Kementerian Keuangan mencatat bahwa Anggaran Pendapatan dan Belanja Negara (APBN) 2025 mengalami defisit sebesar Rp31,2 triliun atau 0,13 persen terhadap Produk Domestik Bruto (PDB) pada Februari 2025. Defisit ini mengalami pelebaran dibandingkan realisasi APBN Januari 2025 yang sebesar Rp23,5 triliun atau 0,10 persen. Bahkan, kondisi ini berbanding terbalik dengan Februari 2024, di mana APBN saat itu mencatat surplus sebesar Rp26 triliun atau 0,11 persen terhadap PDB.
Menteri Keuangan Sri Mulyani Indrawati menjelaskan bahwa defisit ini masih berada dalam batas target desain APBN 2025. “Dari total keseimbangan, terjadi defisit Rp31,2 triliun di akhir Februari 2025 atau 0,13 persen dari PDB. Defisit ini masih dalam target desain APBN,” ujar Sri Mulyani dalam konferensi pers APBN KiTa di Kantor Kementerian Keuangan, Kamis (13/3).

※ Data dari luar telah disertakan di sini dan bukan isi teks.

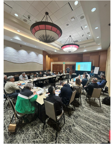
Image: ATR Engagement Session, Dakota Dunes, SK
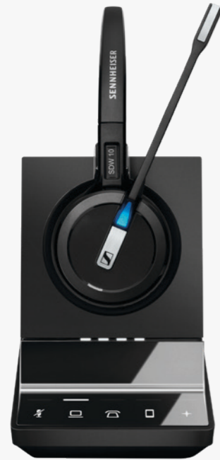
SDW 5000 Series
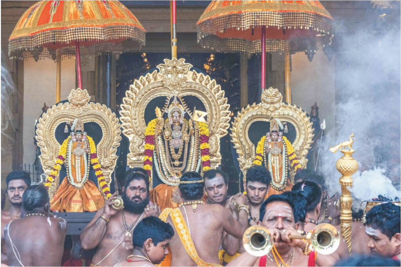
During the Manjam festival, Lord Murugan and his consorts are carried in a solemn procession.
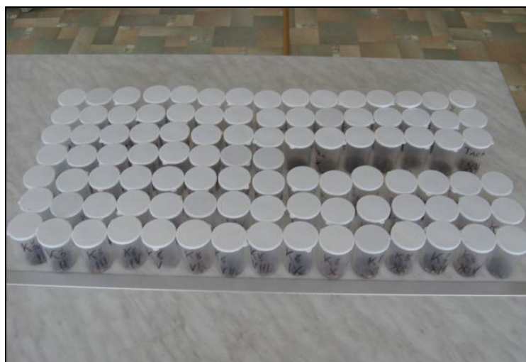
Figure 1. Overview of processed seeds prepared for analysis and planting in containers

Cone opening was done in the dryer at the temperature of 40 °C. Dehusking of seeds was done by hand while cleaning of seeds from inert matter was done in “van”. After that, the seeds were grouped by trees and locations and stored in a refrigerator at temperatures between 3 ° C and 5 ° C (Figure 1).
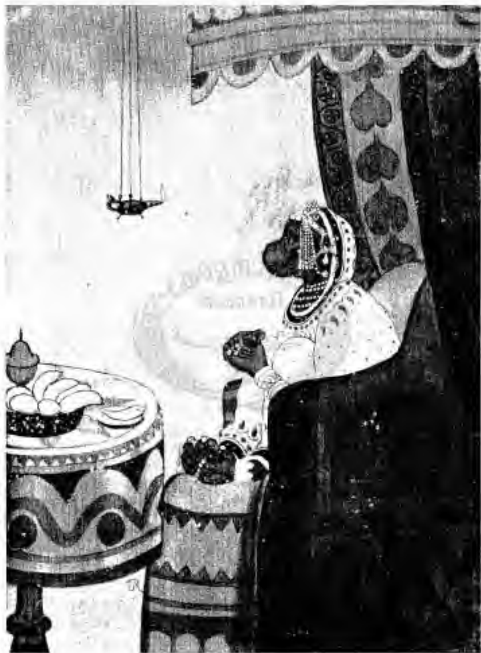
The Shahjadi monkey.

Defisit tersebut disebabkan oleh pendapatan negara yang lebih rendah dibandingkan dengan kebutuhan belanja negara yang meningkat. Tercatat, pendapatan negara per akhir Februari 2025 mencapai Rp316,9 triliun, atau 10,5 persen dari target APBN. Sementara itu, realisasi belanja negara mencapai Rp348,1 triliun, setara dengan 9,6 persen dari target APBN 2025 sebesar Rp3.621,31 triliun.
Meskipun terjadi defisit, APBN Februari 2025 mencatatkan surplus keseimbangan primer sebesar Rp48,1 triliun. Keseimbangan primer ini menunjukkan kemampuan pemerintah dalam membiayai belanja negara tanpa memperhitungkan pembayaran bunga utang.
Sri Mulyani menegaskan bahwa defisit yang terjadi masih dalam batas aman dan sesuai dengan rencana awal APBN 2025. Pemerintah akan terus memantau perkembangan realisasi pendapatan dan belanja negara untuk memastikan stabilitas fiskal tetap terjaga. Dengan demikian, defisit yang terjadi diharapkan tidak akan mengganggu kinerja perekonomian nasional secara keseluruhan.